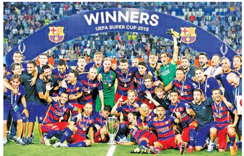
Barcelona’s players, coaches and officials celebrate their victory over Sevilla in the UEFA Super Cup soccer match at Boris Paichadze Dinamo Arena in Tbilisi, Georgia, August 12, 2015.
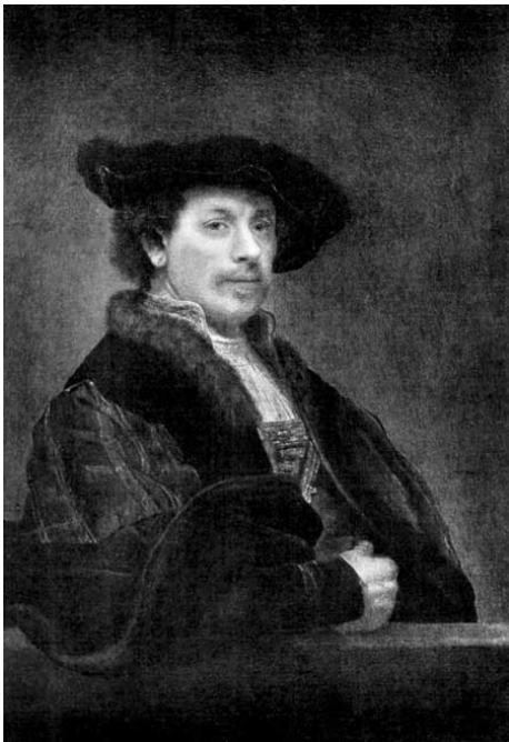
REMBRANDT VAN RYN (BY HIMSELF) National Gallery, London

Please click on the image for a larger image.

· · · ·

* WHAT TO PRODUCE: Your answer should set down the listing verbatim and leave out its images.

* OUTPUT BELOW:
Barcelona’s players, coaches and officials celebrate their victory over Sevilla in the UEFA Super Cup soccer match at Boris Paichadze Dinamo Arena in Tbilisi, Georgia, August 12, 2015.
REMBRANDT VAN RYN (BY HIMSELF) National Gallery, London

Please click on the image for a larger image.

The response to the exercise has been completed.